Only the lines below from the one with "デニムジャケット】 \ラフすぎないがちょうどいい/ 大人の日常に寄り添うデニムジャケット" through the one with "Miðal vindætt í" are to be written out, exactly and without any images.

Start of Data to examine

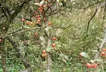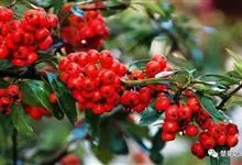 火棘 H. L. Li)是蔷薇科火棘属常绿灌木,老枝呈暗褐色;叶片呈倒卵形,边缘有钝锯齿,齿尖向内弯,两面皆无毛;叶柄短,无毛或嫩时有柔毛;花序是复伞房状,花瓣呈白色近圆形;果球近圆形,…全部>>
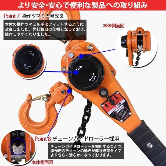 レバーホイスト 1.6t 1台 1600kg チェーン ローラー チェーンブロック レバー式ブロック レバー 荷締機 ブロック ガッチャ 滑車 ホイスト チェーン ホイスト 固定 工具 lh-jd160
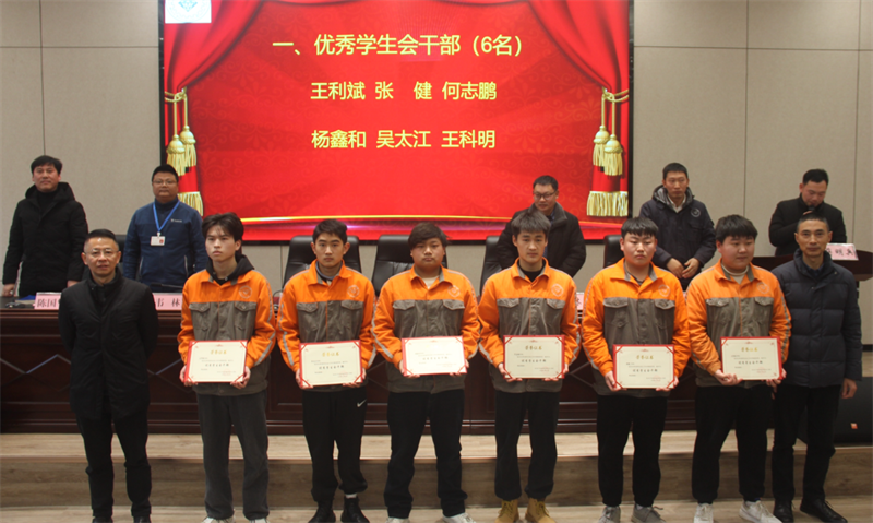 获奖学生有序上台,接受与会领导颁发的荣誉证书并合影留念,优秀学生代表王利斌上台发表获奖感言。
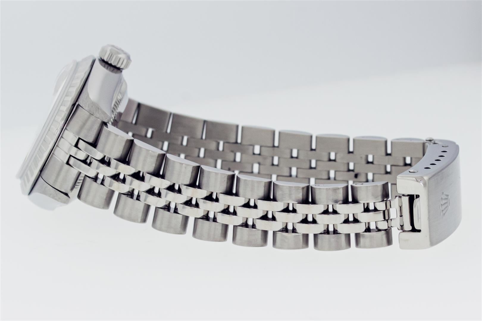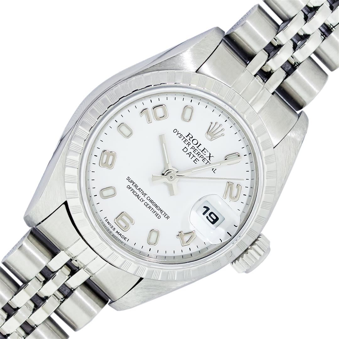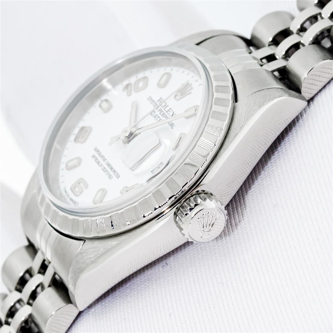 One Quickset Pre Owned Ladies Stainless Steel Rolex Date Polished Bright with Satin Finish, Serviced & Electronically Tested, Rolex Stainless Steel Case: 26mm, Rolex Stainless Steel Crown, Rolex Bezel: Stainless Steel Engine Turn Bezel, Crystal: Sapphire With Date Window. Hands: Luminescent Hands. Rolex Movement: Automatic Winding Movement 2235. Rolex Dial: White Arabic With Dash Track, Date Window: 3 O'Clock Position Date Display, Model: Quickset 2235 Datejust. Condition: G-6 Extra Fine. Rolex Bracelet: Stainless Steel Jubilee Band. Bright Polish & Satin Finish. 6.0 Inch Length, Adjustable. Standard Clasp, With Rolex Logo. This Watch Has Been Serviced Time Tested And Is In Excellent Condition It Is Free Of All Scratches And Dents.
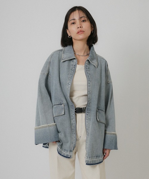【Floran デニムジャケット】 \ラフすぎないがちょうどいい/ 大人の日常に寄り添うデニムジャケット ■Styling カジュアル定番のアイテム、デニムジャケットをFloranらしく今の大人に似合うバランスで再構築。 全体は程よくゆとりをもたせたリラックスシルエット。 体のラインを拾わず羽織るだけで自然とこなれた印象に◎ フロントはダブルジップ仕様にすることでGジャン特有の硬さを抑え きれいめにもなじむ一着に仕上げました。 ライトブルーは抜け感のある軽やかな印象。 ワンウォッシュはシックで落ち着いた大人の雰囲気。 カラーによって表情が大きく変わるのも魅力です。 スラックス×ローファーで大人キレイめカジュアルに、 ワンピースやタイトスカートに合わせて甘めのスタイリングで女性らしさをプラス。 デニムパンツと合わせたオールデニムで旬顔にも◎ インナーをニットやスウェットに変えれば秋冬を活躍と幅広い季節に対応してくれます。 ※こんな方におすすめ ・デニムジャケットは好きだけどカジュアルすぎるのが苦手 ・大人っぽく着られる羽織りが欲しい ・季節の変わり目にさっと着られるアイテムを探している。 ・長く愛用できるベーシックを選びたい。 ベーシックだからこそシルエットと素材にこだわった一着。 日常のスタイリングに自然と溶け込み、長く愛用していただけるデニムジャケットです。 ■Detail Wジップで裾だけ開けたりと着こなしが楽しめます。 ジップなので着脱がスムーズ。 程良く肩を落としたリラックス感のある設計です。 袖口は裁ち切りにしており特有のUSED感が楽しめます。 少し大きめの襟と広めの袖幅がポイント。 ポケット位置やステッチで立体感を演出。 ■Material 通年使いやすい10ozデニムツイルです。 着るほど体に馴染みます。 シーズンレスで着用しやすい程良い厚みが嬉しい。 ▽生地感 透け感:あり 〇〇〇〇● なし 生地の厚さ:厚い 〇〇●〇〇 薄い 裏地:なし 伸縮性:なし ※この素材は摩擦(特に湿った状態での摩擦)や、汗や雨などでぬれた時は他の衣料や下着・バッグなどに色が移る場合がありますので、ご注意下さい。 ※繊細な素材を使用している為、引っ掛かりには十分お気をつけください。 ※洗濯の際は、他の物と一緒に洗わないでください。 ※濡れた状態で他の洗濯物を重ね合わさないでください。 ※漂白剤および漂白剤入りの洗剤のご使用はお避け下さい。 ※水洗いやクリーニングの際は、クリーニングネットを使用ください。また、つけおき洗いはお避けください。 ※商品の梱包には細心の注意を払っていますが、通販の特性上、到着時に畳みシワがついている可能性がございます。予めご了承ください。 ※詳しいお手入れ方法は商品タグをご参照ください。 【Information】 ◆《お気に入り登録》がオススメ◆ ・「商品のお気に入り登録」で再入荷通知や、ラストの通知、セール通知も受け取ることが出来ます。 ・「ブランドのお気に入り登録」で新商品や再入荷など、お得な情報を受け取ることが出来ます ※撮影時のライティング、太陽光、ご覧になっているモニター・PC環境により、実際の商品と色味が異なって見える場合がございます。予めご了承をお願い致します。
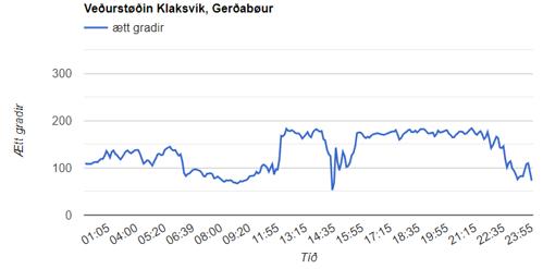 Miðal vindætt í Klaksvík, Gerðabøur, tann 19.08.2023. Tá mesti vindur og ringastu hvirlur vóru var ættini umleið 170 stig – eitt sindur eystan fyri sunnan. Seint um kvøldið fór vindurin í umleið eystan, 90 stig. Frá www.lv.fo
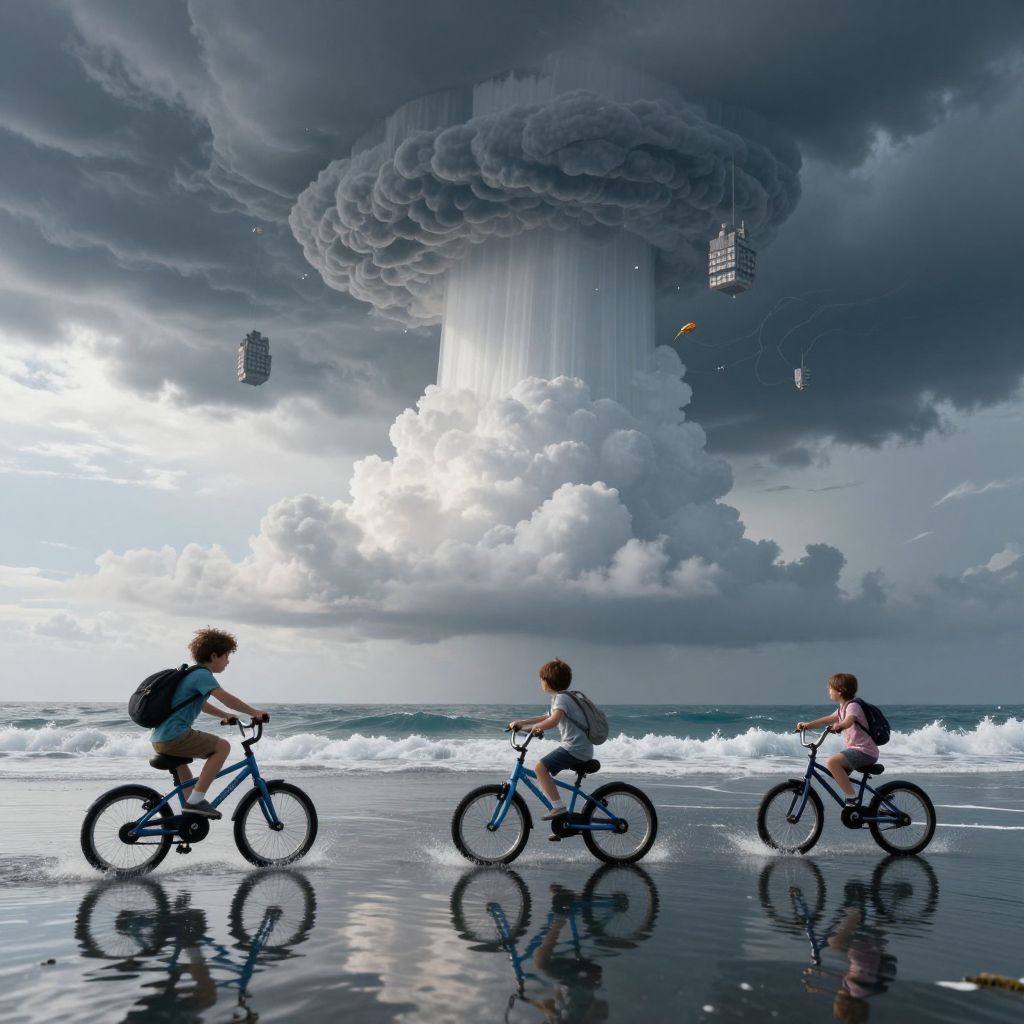 Person riding a bicycle across a calm, reflective ocean surface, facing a surreal tornado-like cloud formation descending from the sky, with fluffy cumulus clouds framing the horizon.
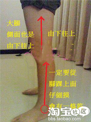 会有人问说为什么不刮小腿肉呢?但如果你不希望你的小腿变形的话请不要去尝试。我们只强调刮脚踝上面那条筋。
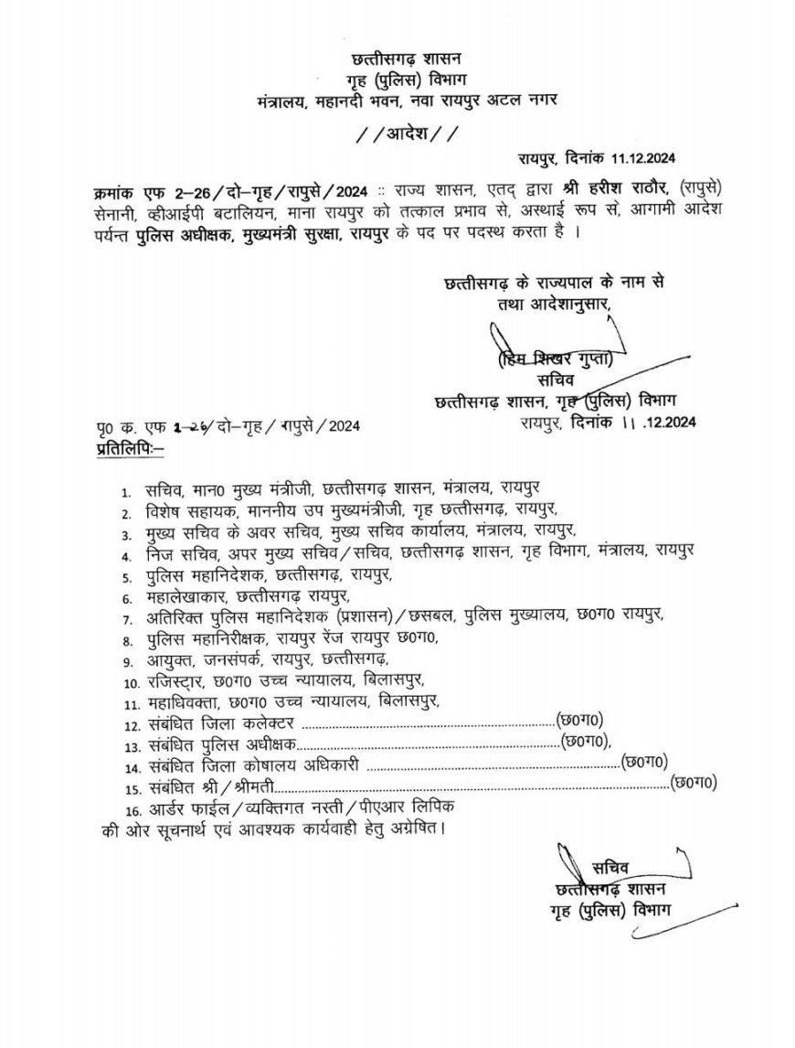 वहीं सूरज सिंह परिहार को बालोद बटालियन ट्रांसफर किया गया है। इसके अलावा राज्य पुलिस सेवा के अफसर हरीश राठौर को एसपी मुख्यमंत्री सुरक्षा की जिम्मेदारी दी गई है। हरीश राठौर से नानी VIP बटालियन माना रायपुर में पदस्थ थे। गृह विभाग के अवर सचिव डीएस धुर्वे ने आदेश जारी किया है।

End of Data to examine

## Solution to this problem
【Floran デニムジャケット】 \ラフすぎないがちょうどいい/ 大人の日常に寄り添うデニムジャケット ■Styling カジュアル定番のアイテム、デニムジャケットをFloranらしく今の大人に似合うバランスで再構築。 全体は程よくゆとりをもたせたリラックスシルエット。 体のラインを拾わず羽織るだけで自然とこなれた印象に◎ フロントはダブルジップ仕様にすることでGジャン特有の硬さを抑え きれいめにもなじむ一着に仕上げました。 ライトブルーは抜け感のある軽やかな印象。 ワンウォッシュはシックで落ち着いた大人の雰囲気。 カラーによって表情が大きく変わるのも魅力です。 スラックス×ローファーで大人キレイめカジュアルに、 ワンピースやタイトスカートに合わせて甘めのスタイリングで女性らしさをプラス。 デニムパンツと合わせたオールデニムで旬顔にも◎ インナーをニットやスウェットに変えれば秋冬を活躍と幅広い季節に対応してくれます。 ※こんな方におすすめ ・デニムジャケットは好きだけどカジュアルすぎるのが苦手 ・大人っぽく着られる羽織りが欲しい ・季節の変わり目にさっと着られるアイテムを探している。 ・長く愛用できるベーシックを選びたい。 ベーシックだからこそシルエットと素材にこだわった一着。 日常のスタイリングに自然と溶け込み、長く愛用していただけるデニムジャケットです。 ■Detail Wジップで裾だけ開けたりと着こなしが楽しめます。 ジップなので着脱がスムーズ。 程良く肩を落としたリラックス感のある設計です。 袖口は裁ち切りにしており特有のUSED感が楽しめます。 少し大きめの襟と広めの袖幅がポイント。 ポケット位置やステッチで立体感を演出。 ■Material 通年使いやすい10ozデニムツイルです。 着るほど体に馴染みます。 シーズンレスで着用しやすい程良い厚みが嬉しい。 ▽生地感 透け感:あり 〇〇〇〇● なし 生地の厚さ:厚い 〇〇●〇〇 薄い 裏地:なし 伸縮性:なし ※この素材は摩擦(特に湿った状態での摩擦)や、汗や雨などでぬれた時は他の衣料や下着・バッグなどに色が移る場合がありますので、ご注意下さい。 ※繊細な素材を使用している為、引っ掛かりには十分お気をつけください。 ※洗濯の際は、他の物と一緒に洗わないでください。 ※濡れた状態で他の洗濯物を重ね合わさないでください。 ※漂白剤および漂白剤入りの洗剤のご使用はお避け下さい。 ※水洗いやクリーニングの際は、クリーニングネットを使用ください。また、つけおき洗いはお避けください。 ※商品の梱包には細心の注意を払っていますが、通販の特性上、到着時に畳みシワがついている可能性がございます。予めご了承ください。 ※詳しいお手入れ方法は商品タグをご参照ください。 【Information】 ◆《お気に入り登録》がオススメ◆ ・「商品のお気に入り登録」で再入荷通知や、ラストの通知、セール通知も受け取ることが出来ます。 ・「ブランドのお気に入り登録」で新商品や再入荷など、お得な情報を受け取ることが出来ます ※撮影時のライティング、太陽光、ご覧になっているモニター・PC環境により、実際の商品と色味が異なって見える場合がございます。予めご了承をお願い致します。
 Miðal vindætt í Klaksvík, Gerðabøur, tann 19.08.2023. Tá mesti vindur og ringastu hvirlur vóru var ættini umleið 170 stig – eitt sindur eystan fyri sunnan. Seint um kvøldið fór vindurin í umleið eystan, 90 stig. Frá www.lv.fo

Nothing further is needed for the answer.